Um dia, resolvemos ir a uma boate recém inaugurada, que apresentava shows eróticos. Antes de levá-la, eu já tinha ido até a boate para verificar o ambiente, pois jamais a exporia a um ambiente desagradável ou até de risco. Assim, fomos na noite de quarta-feira, que eu já sabia que quase não havia movimento, o que nos facilitaria manter a discrição, já que nossa intenção era apenas assistir o show, por pura curiosidade.

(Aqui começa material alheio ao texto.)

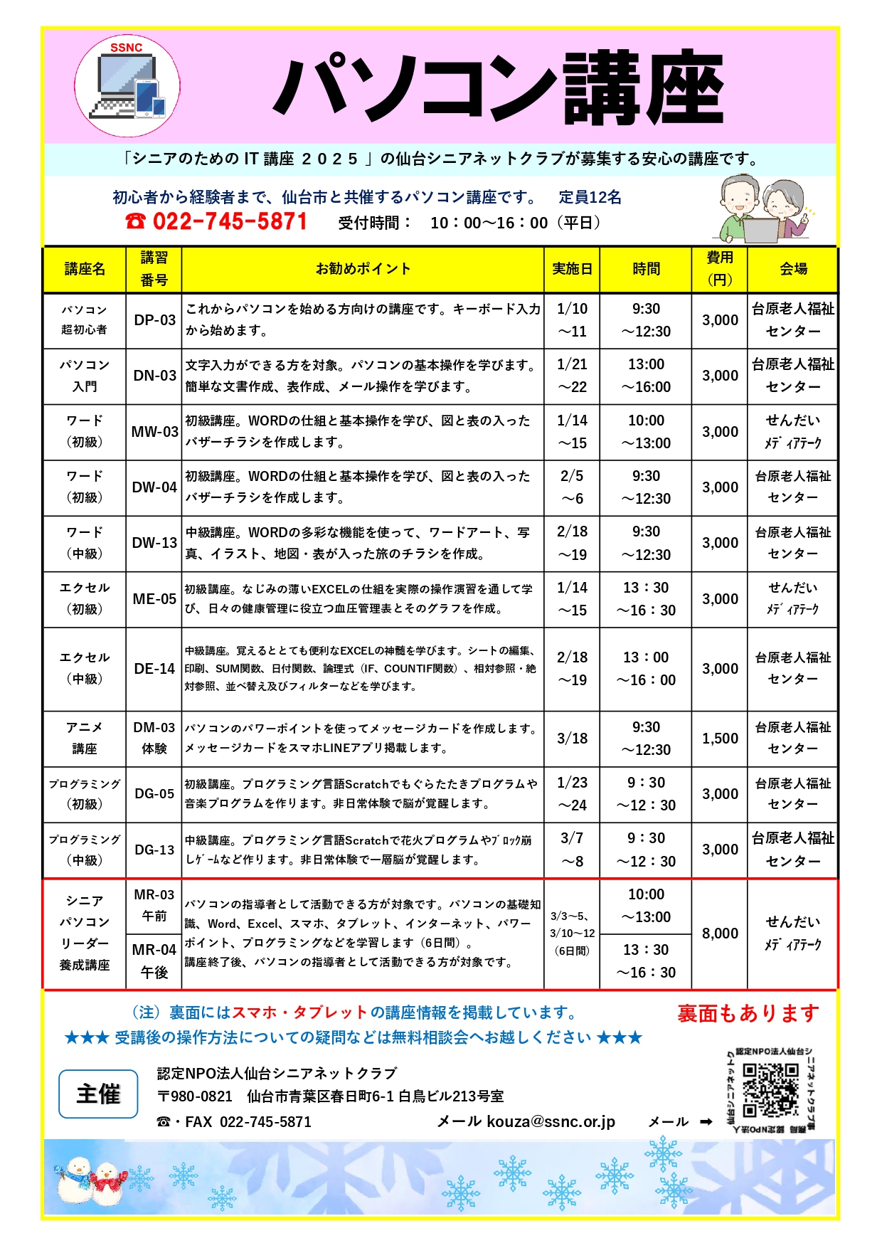 パソコン入門からWord・Excelをはじめアニメ・プログラミング・シニアパソコンリーダー養成講座と多彩な講座をご用意しております。
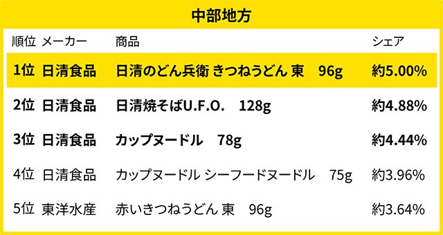 富山県を含む中部地方のランキングを見ると1位は「日清のどん兵衛きつねうどん東」。ここで不思議に感じたのが「東」の一文字。発表資料をよく見ると、中国地方や四国地方のランキングに入っているのは「日清のどん兵衛きつねうどん西」だった。
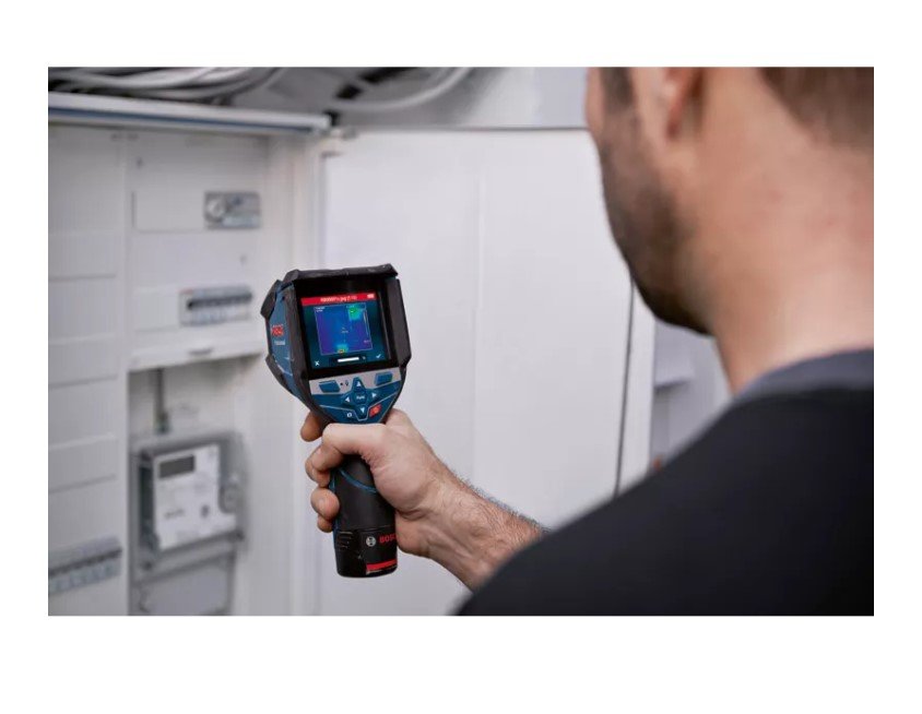 Detector Térmico Termômetro com Bluetooth Bosch GIS 1000 C O Detector Térmico Termômetro com Bluetooth Bosch GIS 1000 C é um equipamento profissional desenvolvido para realizar medições precisas de temperatura de superfície, ambiente e umidade relativa do ar. Ele permite medir temperaturas que variam de -40 °C até 1000 °C, com alta precisão e resposta rápida, sendo ideal para uso em instalações elétricas, manutenção predial, sistemas de climatização, diagnóstico automotivo e inspeções na construção civil. Possui uma câmera integrada que registra imagens com os dados térmicos sobrepostos, uma tela colorida de 2,8” que facilita a visualização das medições e sensores ambientais que analisam temperatura do ar, ponto de orvalho e pontes térmicas. O GIS 1000 C conta com conectividade Bluetooth e USB, o que possibilita a transferência de dados para smartphones ou computadores, além de armazenamento interno para mais de 200 imagens. Acompanha pilhas, cabo USB e manual, sendo uma ferramenta robusta, portátil e confiável para profissionais que exigem precisão em ambientes técnicos e industriais.
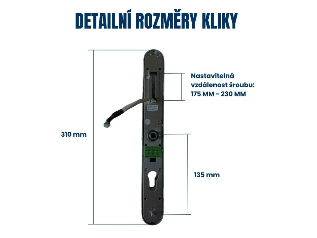 ✔ Rozměry kliky: výška kliky 310 mm, šířky kliky (bez gumového těsnění) 38 mm, celková šířka kliky (s gumovým těsněním) 41 mm, délka madla 127 mm, rozteč šroubů a jejich vzálenost spodního šroubu od čtyřhranu: 135 mm, rozměr roztečí mezi šrouby: 175-230 mm
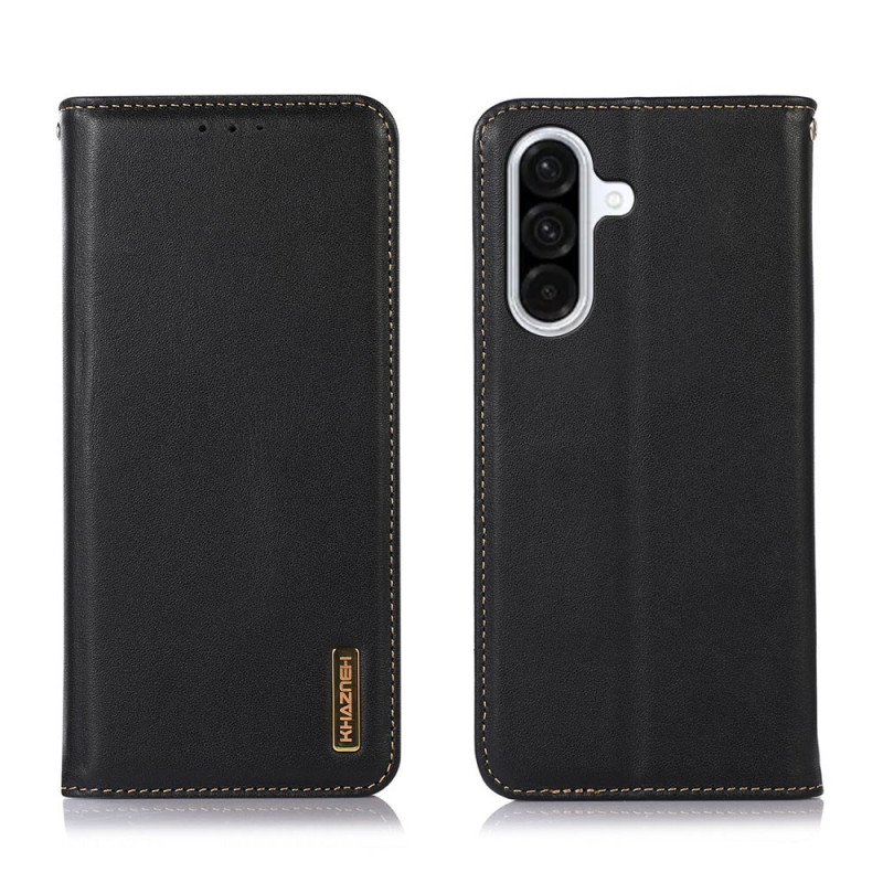 Étui portefeuille premium en cuir de vachette véritable avec texture Nappa pour Samsung Galaxy A57 5G. Combine élégance et fonctionnalité avec protection RFID, support intégré et fermeture magnétique sécurisée pour vos cartes et téléphone.
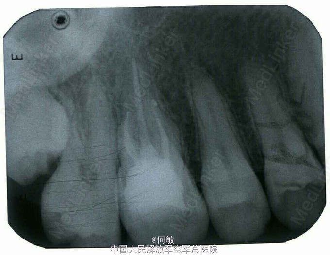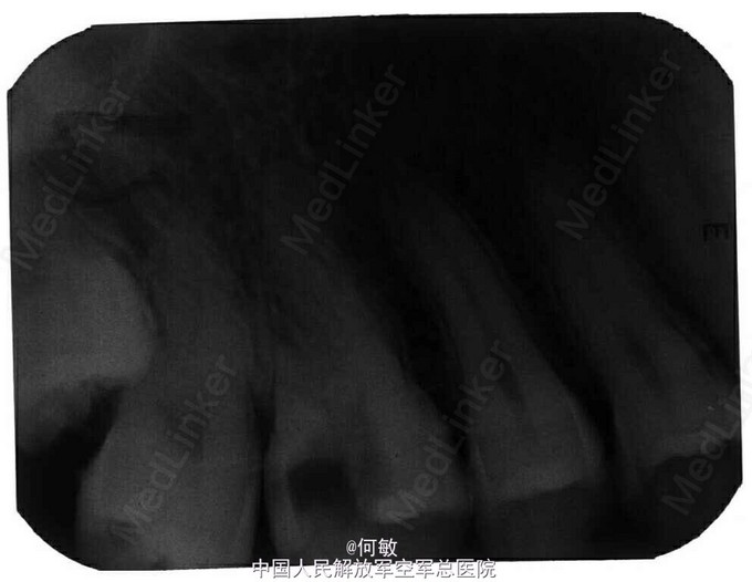主诉:右上后牙冷热刺激痛两月余。 既往史:体健,否认全身系统性疾病,否认药敏史,否认重大手术史及输血史,否认家族性遗传病史。 现病史:患者自述近两月来,右上后牙进食冷热食物刺激痛,曾有自发痛史,未经治疗,来我科就诊。
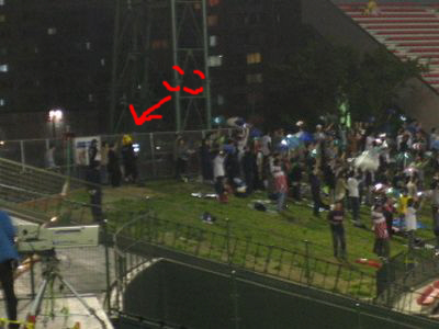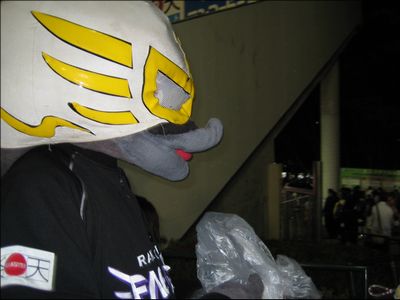 今日はマジカルナイター!ってことで、正面広場ではクラッチ達がマジックショーをやってました。クラッチは昨年のファン感謝祭でもマジックやってたっけ?もしかして得意技なのかしら。司会のおねーさんがなんでサイボーグ009の服装なのかとか、後ほど聞こえてきたバックミュージックが何で銀河鉄道999なのかは、ちょこっとしか見れなかったわたくしには謎でございます。
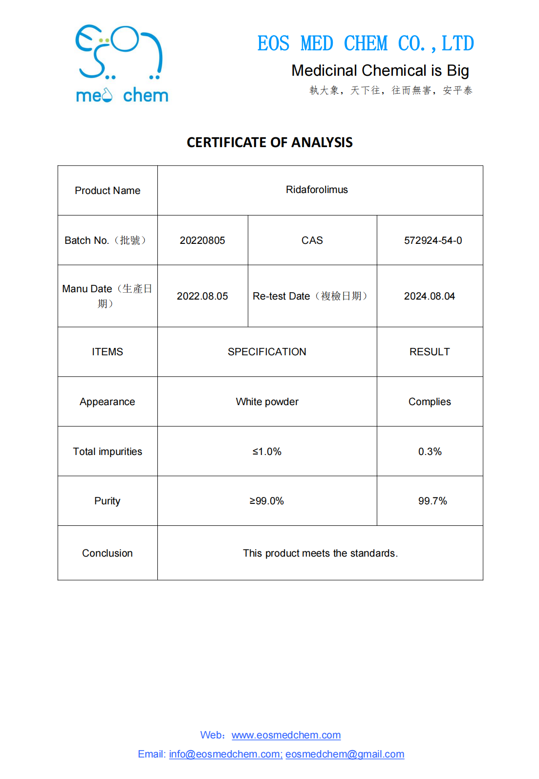 Ridaforolimus CAS 572924-54-0, Stock 479g, Assay 99.7%, White powder, Water 0.11%, Single Impurity 0.3%.
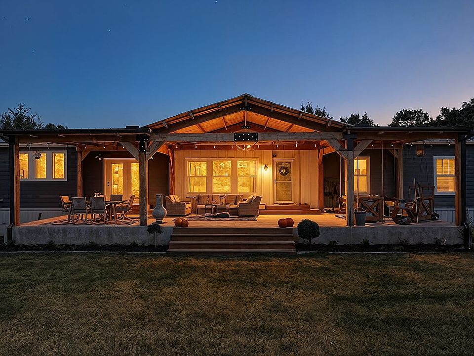 Custom timber framed porchLarge open floor planWood burning fireplaceBetter insulationStructural strength
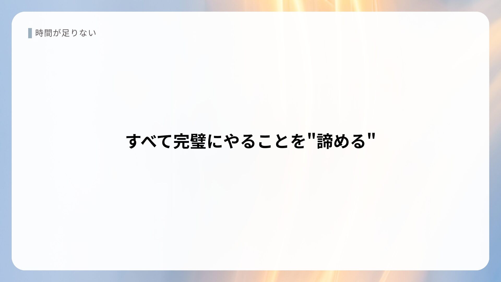 時間が足りない すべて完璧にやることを"諦める"
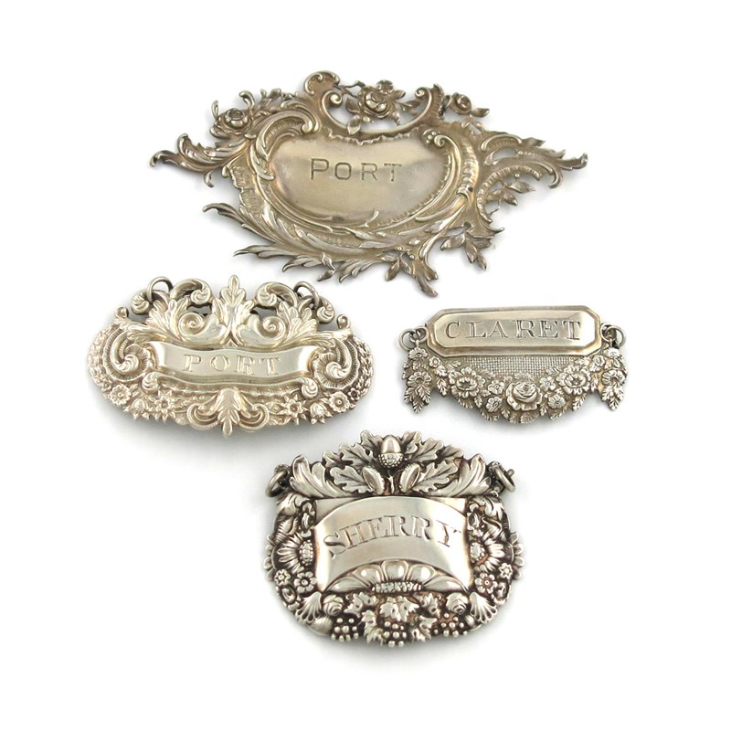 comprising: one of pierced foliate scroll form, with import marks for 1896, incised 'PORT', plus others 'CLARET', 'SHERRY' and 'PORT', approx. weight 2oz. (4)
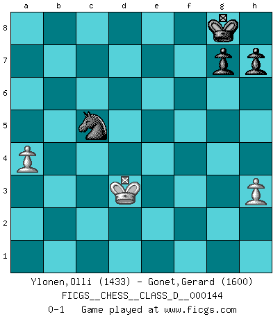 Last move : 0-1 2010 July 16 20:47:56 [Event "FICGS__CHESS__CLASS_D__000144"] [Site "FICGS"] [Date "2010.03.27"] [Round "1"] [White "Ylonen,Olli"] [Black "Gonet,Gerard"] [Result "0-1"] [WhiteElo "1433"] [BlackElo "1600"] 1.e4 Nc6 2.d4 d5 3.Nc3 e6 4.Nf3 Nf6 5.e5 Ne4 6.Bd2 Nxd2 7.Qxd2 Bb4 8.a3 Ba5 9.g3 O-O 10.Bg2 a6 11.O-O Bd7 12.b4 Bb6 13.Ne2 f6 14.exf6 Qxf6 15.c3 Rae8 16.Qg5 Rf7 17.Qxf6 Rxf6 18.Nf4 Ne7 19.Ne5 Bb5 20.Rfe1 Ref8 21.f3 Ba7 22.Ng4 Rxf4 23.gxf4 Rxf4 24.Rxe6 Ng6 25.Rae1 a5 26.bxa5 Bd7 27.R6e3 c5 28.Kf1 cxd4 29.cxd4 Bxd4 30.Rd3 Bxg4 31.h3 Bh5 32.Rb1 Ne5 33.Rdb3 Bxf3 34.Bxf3 Nxf3 35.Ke2 Ne5 36.Rxb7 Rf3 37.R1b3 Rf2+ 38.Kd1 Nc6 39.a6 Rf8 40.Kd2 Na5 41.R3b4 Nxb7 42.Rxd4 Nc5 43.Rxd5 Nxa6 44.a4 Rf3 45.Rd3 Rxd3+ 46.Kxd3 Nc5+ 0-1 KP : Nimzovich defense, Bogolyubov variation Kingside Castling by player Black (move 9) Kingside Castling by player White (move 11) 10 pieces endgame at move 43 : White KRPPP , Black KRNPP WHITE : King + 1 Rook 3 Pawns BLACK : King + 1 Rook 1 Knight 2 Pawns 9 pieces endgame at move 43 : White KRPP , Black KRNPP WHITE : King + 1 Rook 2 Pawns BLACK : King + 1 Rook 1 Knight 2 Pawns 8 pieces endgame at move 45 : White KPP , Black KRNPP WHITE : King + 2 Pawns BLACK : King + 1 Rook 1 Knight 2 Pawns 7 pieces endgame at move 46 : White KPP , Black KNPP WHITE : King + 2 Pawns BLACK : King + 1 Knight 2 Pawns Player Black won this chess game. Follow this game move after move (download)It began to feel as though you were playing against Chess itself. - On playing against Robert Fischer. (Walter Shipman) Das Zentrum ist der Balkan des Schachbretts - Kriegshandlungen können in jedem Moment ausbrechen. (Aaron Nimzowitsch) Debes de llevar a tu oponente hacia un profundo y obscuro bosque donde 2+2=5, y el camino que conduce a la salida es suficientemente ancho para solamente uno. (Mikhail Tal) Le moment que je préfère le plus dans une rencontre, c'est celui où je sens que la personnalité de l'adversaire se brise. (Robert Fischer) Now you put water in a cup, it becomes the cup; You put water into a bottle it becomes the bottle; You put it in a teapot it becomes the teapot. Water can flow or it can crash. Be water, my friend. (Bruce Lee)
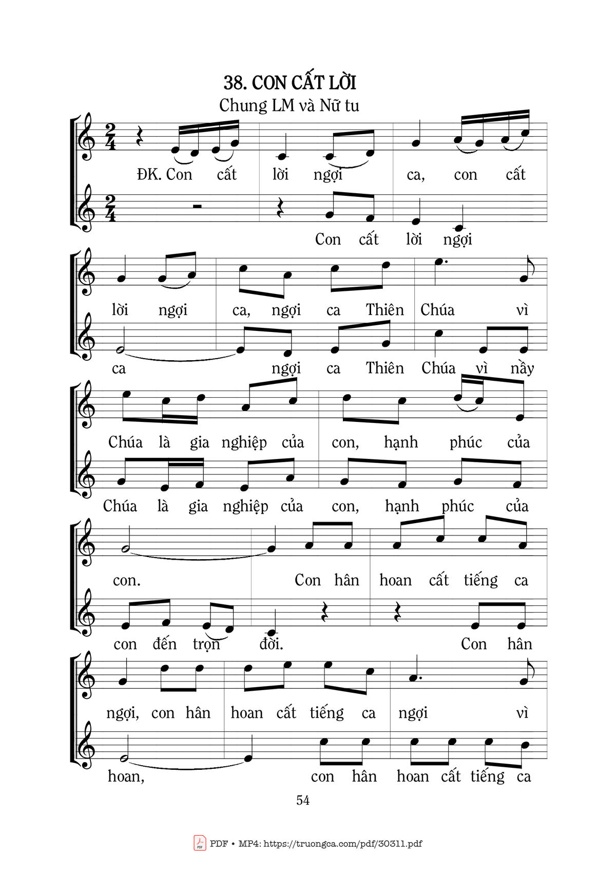 Sheet nhạc có nốt Con cất lời của nhạc sĩ Mi Trầm và file PDF nốt nhạc đăng lên đây nhằm giúp các bạn xướng âm cho đúng nốt và hát thêm hay, chỉ mang tính chất tham khảo, không có mục đích thương mại. Bản quyền thuộc về tác giả và tổ chức nắm bản quyền, Truongca.com không giữ bất kỳ bản quyền của nội dung nào cả. Các bạn có thể tải về bản PDF chất lượng cao, gồm khuông nhạc có nốt với đường link file PDF bên trên.
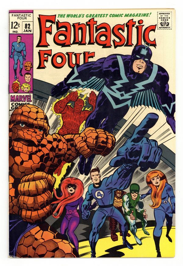 Tags: Fantastic Four$66.00"The Mark of the Madman!" Part 1 of 2. Guest-starring the Inhumans. Script by Stan Lee. Pencils by Jack Kirby. Inks by Joe Sinnott. Cover by Jack Kirby and Joe Sinnott. Crystal is excited about joining the Fantastic Four! However, before she can make it official, the royal family in Attilan must give their approval! When Lockjaw teleports to the Baxter Building, the new fabulous foursome prepare to jump to the Hidden Land! But suddenly a swarm of Alpha Primitives emerges from behind Lockjaw! And in a matter of seconds, they grab Crystal and stun Reed, Ben, and Johnny! What a revoltin' development! Why did Lockjaw betray his mistress? The answer lies within the Great Refuge…and that's where the Thing, Human Torch, and Mr. Fantastic are going to next! (Note: Maximus previously appeared in Incredible Hulk Annual 1.) 36 pages Cover price $0.12.

Ao chegarmos minhas informações foram confirmadas, pois havia apenas dois homens na boate, sentados separadamente, e com expressão de total desinteresse. Nos sentamos bem em frente ao palco, distantes dos demais, o que nos dava a sensação de que o show seria exclusivo para nós. Pedimos nossos drinques e ficamos conversando enquanto o show não começava. Não demorou muito e as luzes, que já eram mínimas, foram diminuídas para o início do show. A escuridão reforçou ainda mais a nossa sensação de exclusividade, já que em todo o salão apenas nós éramos atingidos pela luz do palco, mesmo assim ficávamos na penumbra, e o resto eram apenas sons vindos das outras mesas. Então uma bela loira entrou no palco e começou um strip-tease muito sensual. Enquanto dançava, ela olhava muito em nossa direção, e comentei com Lu que ela estava dançando apenas para nós. Fomos nos deixando contagiar pela sensualidade da dançarina, e, aproveitando o clima e a escuridão, começamos a nos acariciar cada vez mais a vontade. Abraçados, beijava seu pescoço, o que a deixa louca, enquanto acariciava suas coxas, deslizando minha mão cada vez mais alto, curtindo o calor e a umidade crescentes, até descobrir que ela não usava nada por baixo. Como não esperava por isso, a surpresa me deixou mais excitado ainda, e quando olhei para seu rosto vi que tinha os olhos fixos no palco e uma expressão de tesão que eu conheço muito bem. Observei mais atentamente e vi que a loira dançava realmente para nós, olhando e fazendo movimentos em nossa direção. Comentando com Lu, ela me disse que também tinha essa sensação, e que parecia que nossa “malhação” tinha mexido com a loira. Logicamente, a partir daí nosso tesão aumentou ainda mais, e com ele nossas carícias. Lu já tinha quase deitado na poltrona, escorregando para a beirada, o que fez com que minhas carícias levantassem a sua saia até quase a cintura, praticamente expondo sua xoxotinha que eu deliciosamente masturbava. Nisso, a loira já estava nua, e quando achávamos que o show estava acabando, entrou um rapaz negro no palco, também dançando, sinalizando que o show iria esquentar ainda mais.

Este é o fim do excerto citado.